Welcome to the truly groundbreaking world that is Amon Tobin‘s ISAM tour; a sensory overload experience on par with the million dollar pyramid set Daft Punk brought to Brooklyn in 2007. Which is quite an achievement when you consider how crowd-pleasing Daft Punk’s music is–bright, bold swatches of filtered house, floor-filling electro and cracked disco– and how challenging it is to consume Tobin’s cold, harsh and undoubtedly heavy approach to interstellar hip-hop and piston-powered electronic music. On record, the Brazilian producer can sound like a pilot who’s knowingly plunged us into a black hole so horrifying we can’t look away as the ship begins to erode in a sea of splintered samples and battering ram beats. In other words, it’s music that’s tailor made for sci-fi movies, or at the very least, video games that feature lots of steely exteriors and explosions. (Sure enough, Tobin scored the game Chaos Theory: Splinter Cell 3.)

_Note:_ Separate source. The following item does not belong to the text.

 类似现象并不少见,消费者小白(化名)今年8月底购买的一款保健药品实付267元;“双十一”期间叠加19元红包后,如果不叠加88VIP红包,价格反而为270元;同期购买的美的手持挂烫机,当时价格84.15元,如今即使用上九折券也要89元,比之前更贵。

In a live setting, we’re all going down together in the most enjoyable manner possible, as restless visuals are projected on a blank, towering sculpture in a way that transcends the very idea of an “intense” live show. As we found out at Brooklyn’s Masonic Temple last night, Tobin is determined to obliterate the notion that most electronic musicians are laptop-tethered technicians who don’t know how to answer a crowd’s collective need to be entertained.

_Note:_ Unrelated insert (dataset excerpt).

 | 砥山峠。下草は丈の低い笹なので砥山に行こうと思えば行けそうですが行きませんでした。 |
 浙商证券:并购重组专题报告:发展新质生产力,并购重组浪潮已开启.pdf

Or as he explained in an eMusic interview earlier this year, “If you’re in a studio making an album you can easily say, ‘Fuck everyone, I’m making this music for me,’ and experiment or indulge all you like. Vut if you are going to start standing up and inviting people to come and see you, you kind of owe it to them to have an element of entertainment in some way. You can’t be that selfish in that situation. You have to at least something that’s worth being there for, and that’s where the challenge lies–to transform something very private into something very public. It’s no small thing!”